=== Material provided ===

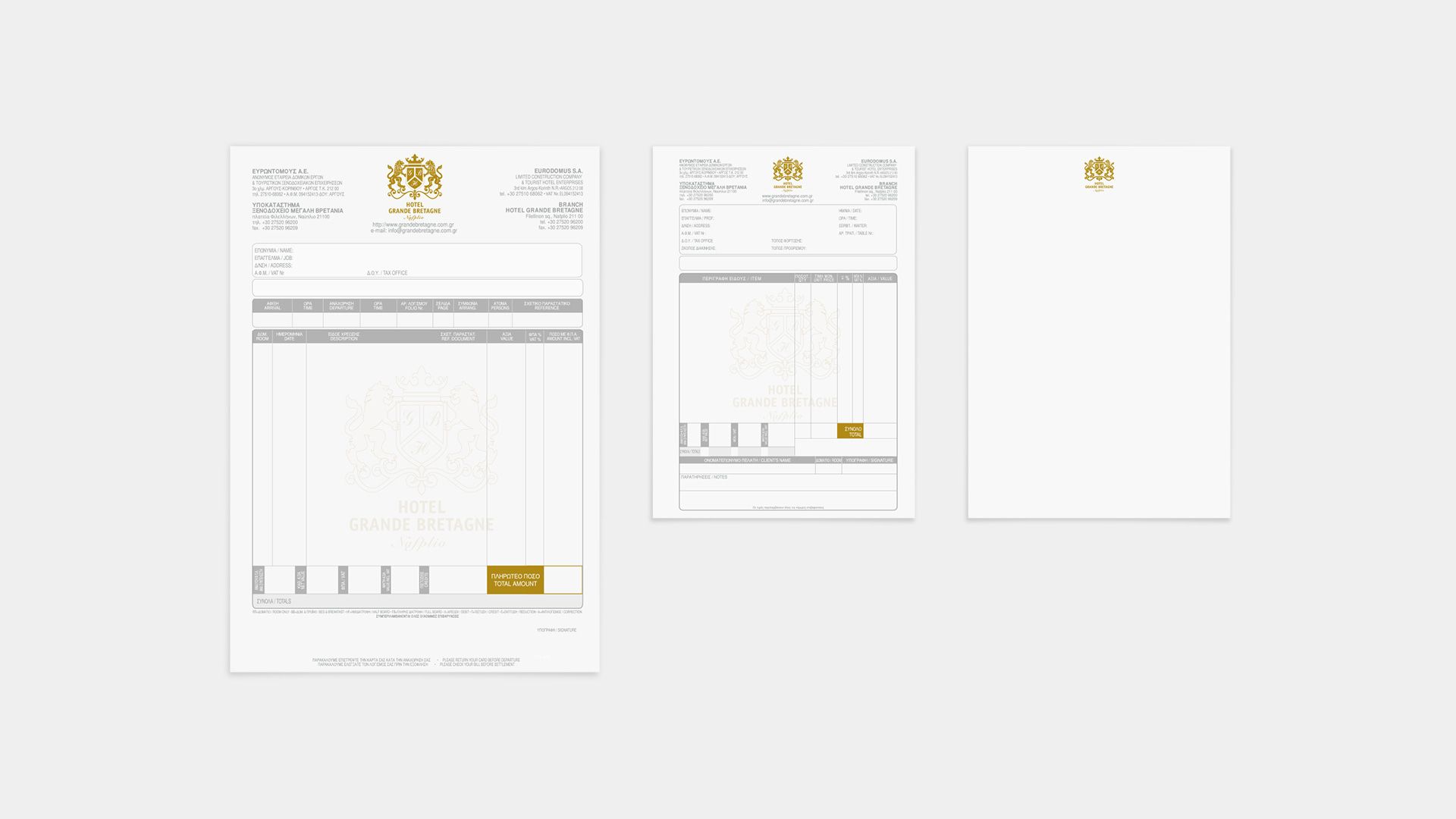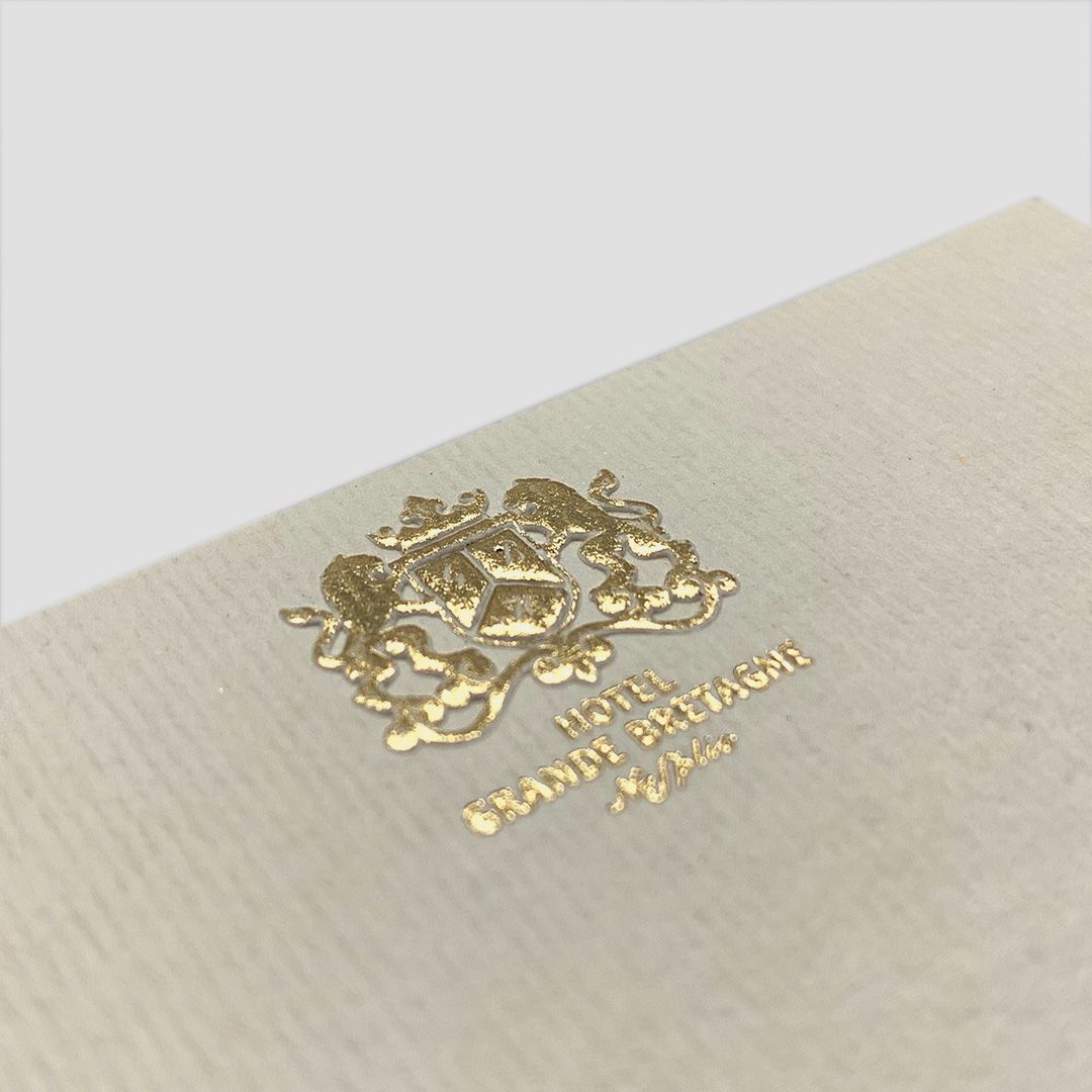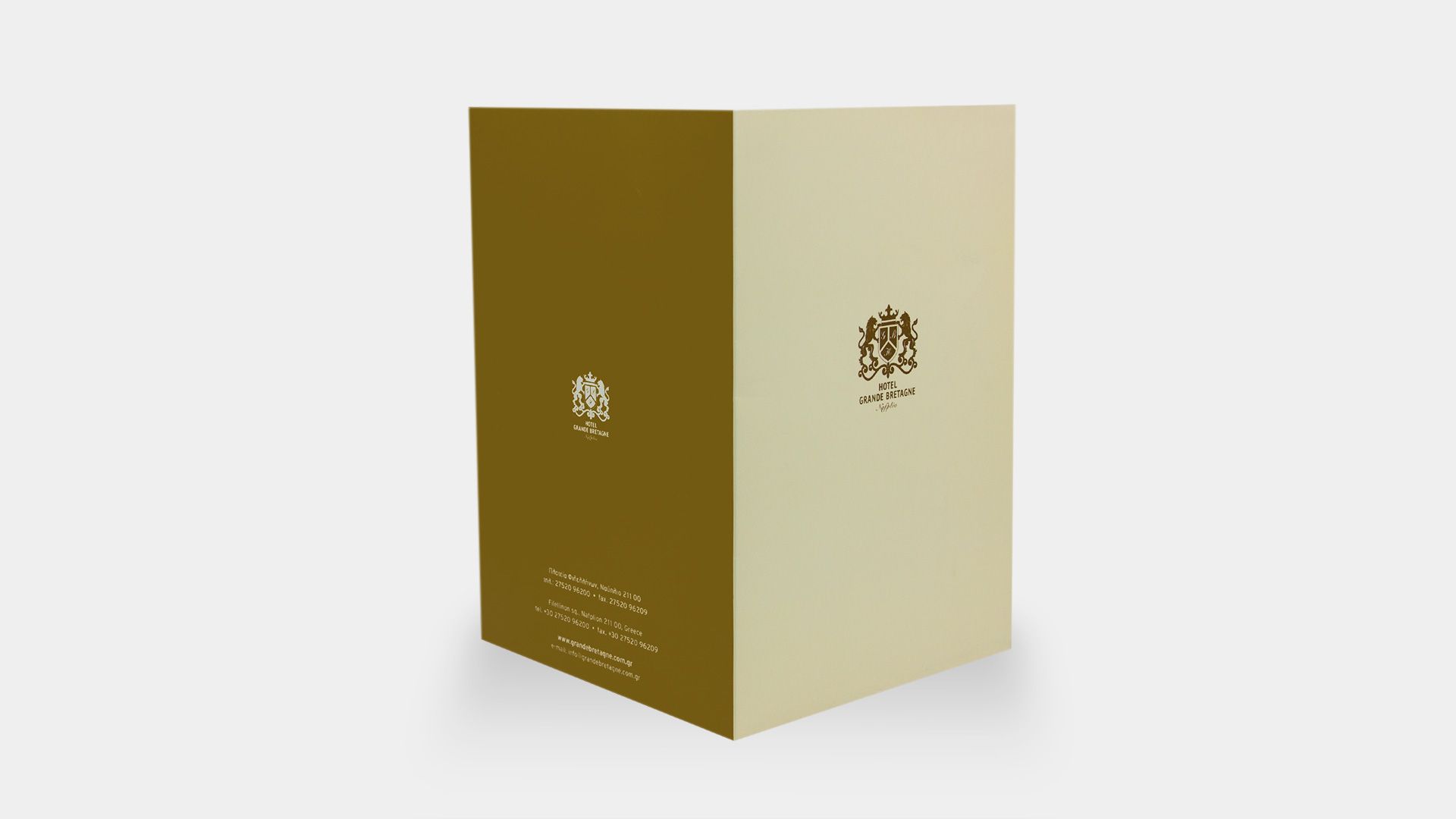 In the heart of Nafplio’s old town, within a building rich in Venetian aesthetics, history meets modern luxury. The current Grande Bretagne hotel occupies a space that once hosted a tavern, and even earlier, a hotel with the same historic name. During our research, we discovered old letterheads, faintly bearing a coat of arms. This inspired the design of the hotel’s current logo: the coat of arms is rendered with gold foiling and embossed details, conveying the prestige and timeless elegance of the name.
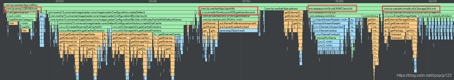 如图所示,我们可以清楚的看到在onCreate中每个初始化函数的耗时时间,我么只需要依次分析下耗时较多的函数里面是否是必须要在onCreate中完成的,如果是非必须的,我们可以开启线程或者放到后面一些执行,以免影响应用启动耗时:
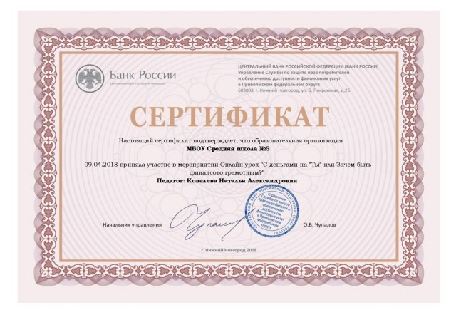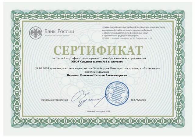Сертификат об участии в онлайн-уроке "Финансовая грамотность" 1, 2018 |

=== Work instruction ===
With pictures omitted, copy exactly the lines from the one containing "如图所示,我们可以清楚的看到" through the final line of the listing, both included.

=== Response to this task ===
 如图所示,我们可以清楚的看到在onCreate中每个初始化函数的耗时时间,我么只需要依次分析下耗时较多的函数里面是否是必须要在onCreate中完成的,如果是非必须的,我们可以开启线程或者放到后面一些执行,以免影响应用启动耗时:
Сертификат об участии в онлайн-уроке "Финансовая грамотность" 1, 2018 |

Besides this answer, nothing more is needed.